From Pacifism to The question of God
I appreciated the thoughtful letter from Jan Arriens (15 April). But I think his view of Quakers as ‘standard bearers of the peace movement’ in the century following the Napoleonic wars, should be qualified; the era of ‘Pax Britannica’ was largely based on the military (and particularly naval) superiority established by those wars.
British power enabled the nineteenth-century imperialism in which Quaker bankers and industrialists thrived. Their social, political and economic influence grew inseparably from foundations that were only gradually challenged by Quakers themselves, until the crisis of faith that confronted us at the outbreak of war in 1914.
Some Quakers then found themselves more deeply invested in ‘defending the nation’ and its imperial project than in a Peace Testimony that hadn’t been directly tested in their lifetimes (and certainly not by military conscription). For others, the crisis led to a soul-searching renewal of commitment to peacebuilding and social justice.
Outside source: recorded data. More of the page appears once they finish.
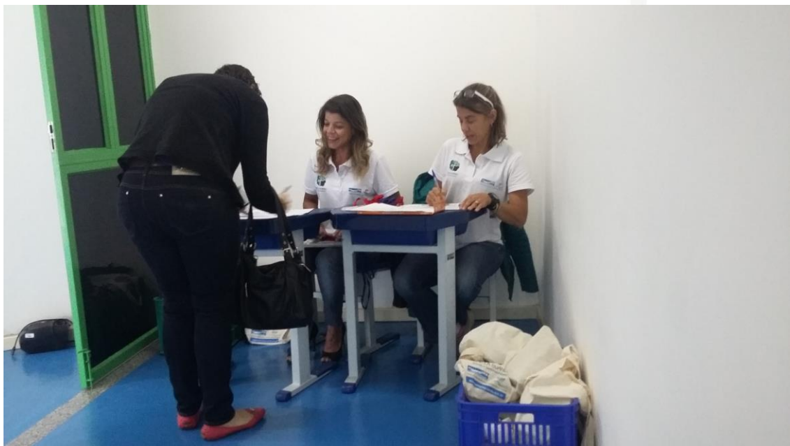
Figura 6: Credenciamento dos participantes

No primeiro momento das 08h30min às 09h00min, foi feito o credenciamento dos participantes no seminário, onde estes assinaram a lista de presença, receberam seu respectivo crachá e kit com bolsa, caneca, sendo um kit por participante para todo o Seminário de Meio Ambiente e Recursos Hídricos, reafirmando a proposta do uso contínuo evitando sacolinhas e copos descartáveis. Também faz parte do kit o material de divulgação do Comitê Guandu, cedido pela AGEVAP ( figura 6 ).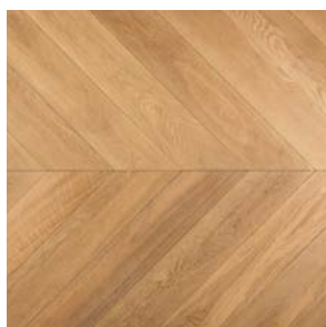
Finiture standard come Standard finishing as Dimora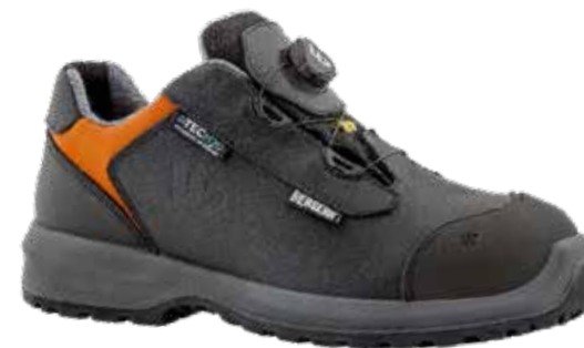
SKO WENAAS BERSERK GILBY S3 0-1220-1101-10

ESD-godkänd, vattentät och andningsaktiv sko i modern design med snabbsnörning, överdel av högkvalitativt fullnarvsläder och en lätt, mjuk yttersula i gummi/PU. Mycket bekväm sko med utmärkta halkskyddande, stötdämpande och avlastande egenskaper.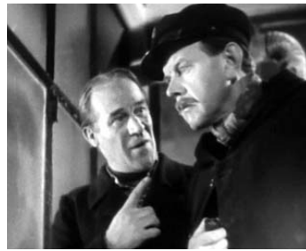
1943 L'HOMME DE LONDRES d'Henri Decoin avec Fernand Ledoux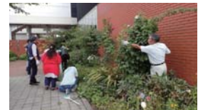
地域の人たちと一緒に作業します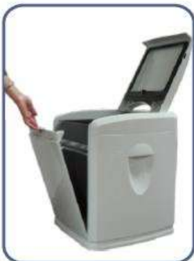
Ouvrez le couvercle supérieur et le couvercle frontal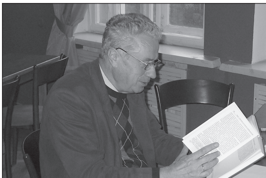
Встречи в Институте человека РАН (15 июня и 13 октября и 2004 г.)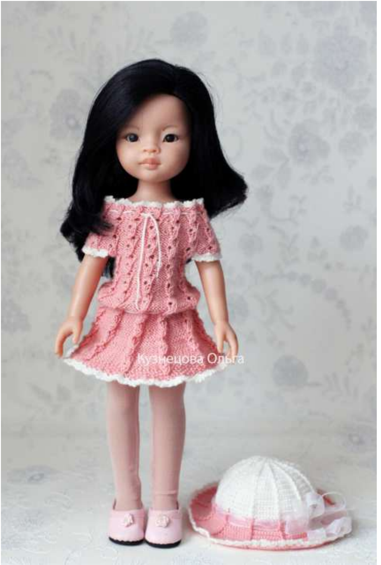
Вариант – Комбинезон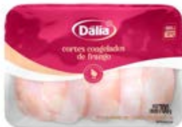
COXAS BDJ DÁLIA

The context changes but similar dilemmas resurface whenever we are ‘called’ by war, whether as combatants, supporters or objectors.
Nourish our action
How do we experience worship community and witness?
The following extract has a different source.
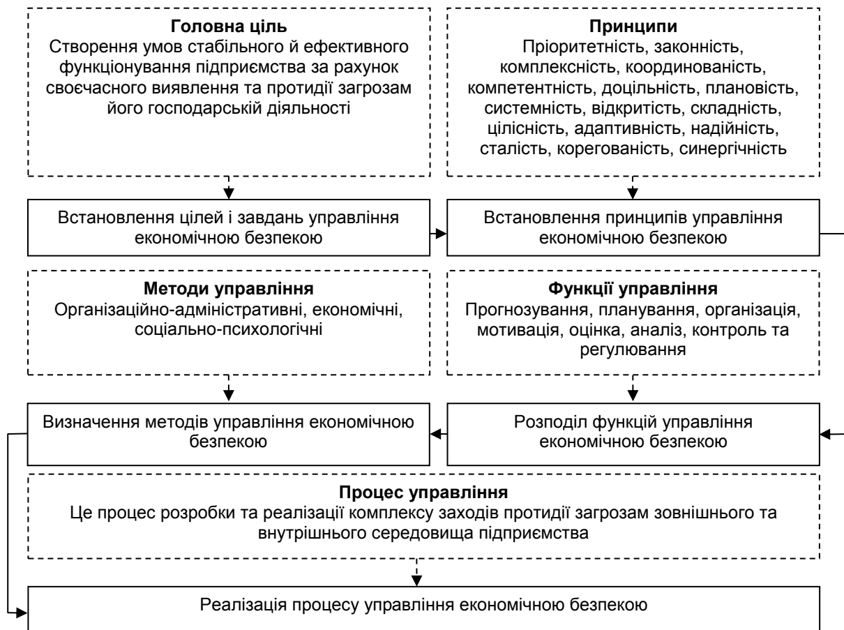
Рис. 1. Модель реалізації процесу управління економічною безпекою підприємства

результати дозволяють оцінити ефективність впровадження заходів передбачених стратегією безпечного розвитку.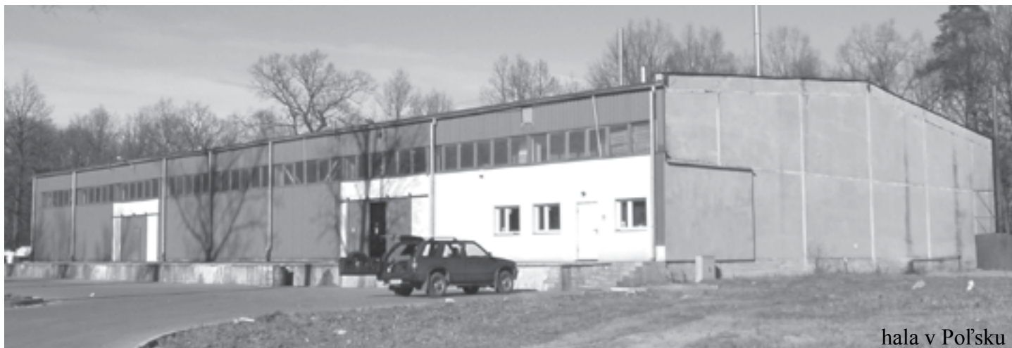
hala v Poľsku

Miestny spolok Červeného kríža ponúka mamičkám a ich ratolestiam pravidelné cvičenie na fit loptách a aerobik. Cvičíme v kultúrnom dome každý utorok od 18:00 hod. do 19:00 hod na fit loptách pod vedením Jany Vranovej a každý štvrtok od 18:00 hod do 19:00 hod. aerobik pod dohľadom Ľuby Hraníkovej. Cvičenie ponúkame grátis.

How can we build Quaker communities that respond to challenges and put faith into action?
How can we transform thinking and action in Quaker communities and wider society?
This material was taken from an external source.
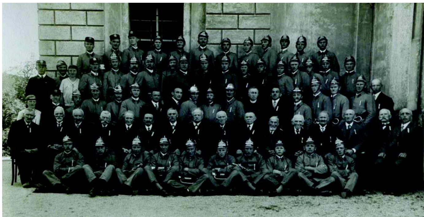
Hasiči rok 1934

Ken Smith and Evelyn Shire (22 April) are concerned that Yearly Meeting in 2022 will be an exercise in navel gazing. In the midst of horrifying reports of the war in Ukraine and ongoing conflict in other parts of the world, a cost of living crisis which could leave up to forty per cent of the UK population in fuel poverty next winter, and the terrifying slow burn of the climate crisis, there are certainly times in our planning cycle each year when, as members of Agenda Committee, we have questioned this too.
However, I hope our Friends can look again at the three questions which frame our discernment and see the potential for looking out as well as in. As Quakers, we commit to a process of listening for truth, and we invite Friends to join us in May, at Friends House in London and online, to consider how our faith and our communities can nourish our action.